■ **REQUIRED ACTION**: Would you return exactly the lines below from the line with "Forming part of" through the line with "प्रियांका भारतात परत", both included, and nothing else, leaving out the pictures?

■ **SUPPLIED RECORDS**:
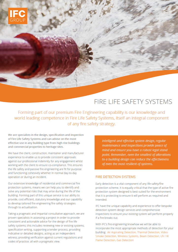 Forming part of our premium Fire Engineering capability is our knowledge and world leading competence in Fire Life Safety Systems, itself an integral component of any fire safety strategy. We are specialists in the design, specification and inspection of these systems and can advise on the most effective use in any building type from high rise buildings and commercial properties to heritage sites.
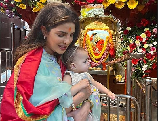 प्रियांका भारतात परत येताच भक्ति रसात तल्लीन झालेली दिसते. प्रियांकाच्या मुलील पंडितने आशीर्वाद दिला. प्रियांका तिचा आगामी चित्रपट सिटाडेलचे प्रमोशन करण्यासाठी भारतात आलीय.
...
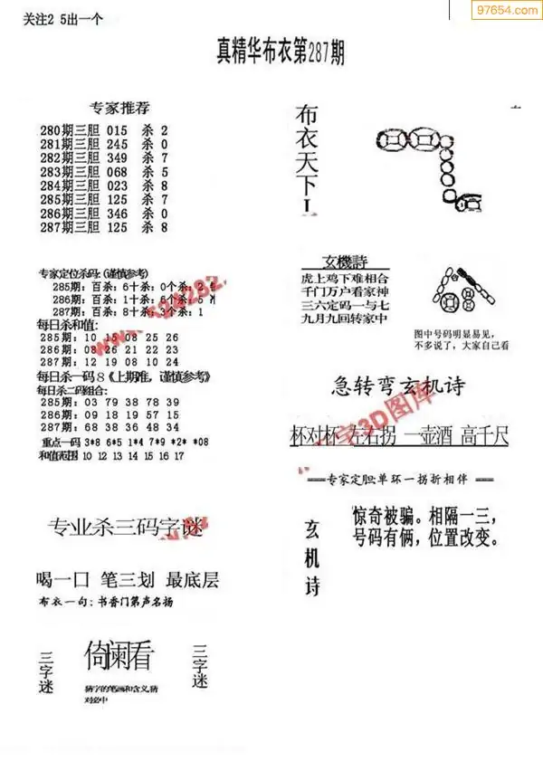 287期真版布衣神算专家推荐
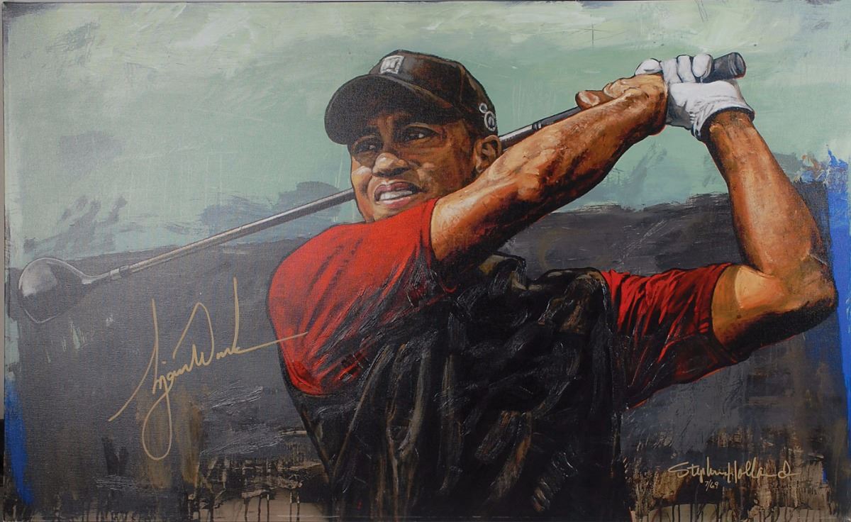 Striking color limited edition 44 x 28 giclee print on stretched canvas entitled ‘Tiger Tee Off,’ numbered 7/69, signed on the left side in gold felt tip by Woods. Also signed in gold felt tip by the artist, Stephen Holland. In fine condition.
...
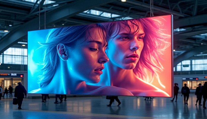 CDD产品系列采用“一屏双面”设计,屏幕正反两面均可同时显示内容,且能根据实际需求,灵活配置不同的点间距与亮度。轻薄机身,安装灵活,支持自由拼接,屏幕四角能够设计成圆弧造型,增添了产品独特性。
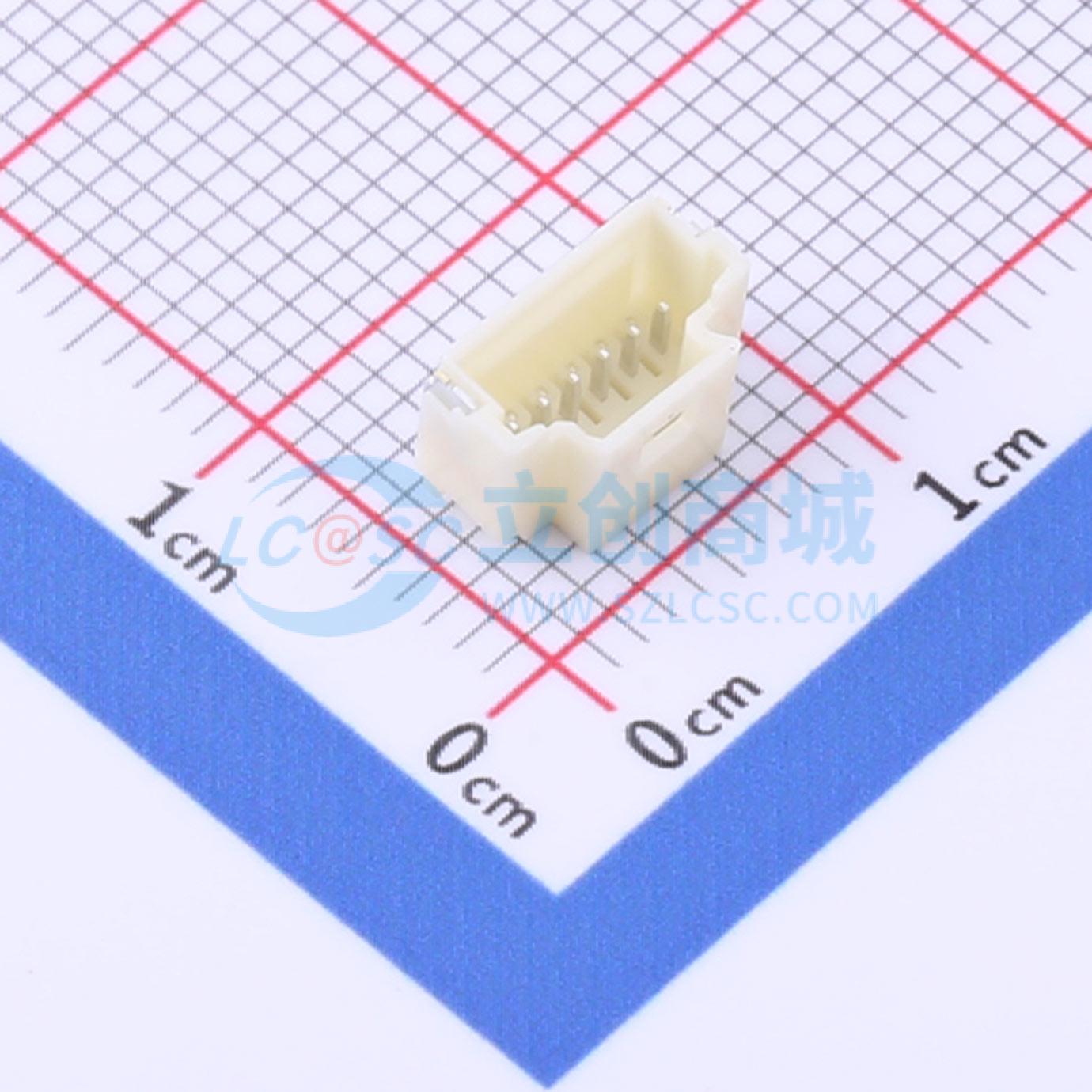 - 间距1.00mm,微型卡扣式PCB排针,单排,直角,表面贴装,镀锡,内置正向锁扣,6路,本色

■ **FINAL ANSWER**:
 Forming part of our premium Fire Engineering capability is our knowledge and world leading competence in Fire Life Safety Systems, itself an integral component of any fire safety strategy. We are specialists in the design, specification and inspection of these systems and can advise on the most effective use in any building type from high rise buildings and commercial properties to heritage sites.
 प्रियांका भारतात परत येताच भक्ति रसात तल्लीन झालेली दिसते. प्रियांकाच्या मुलील पंडितने आशीर्वाद दिला. प्रियांका तिचा आगामी चित्रपट सिटाडेलचे प्रमोशन करण्यासाठी भारतात आलीय.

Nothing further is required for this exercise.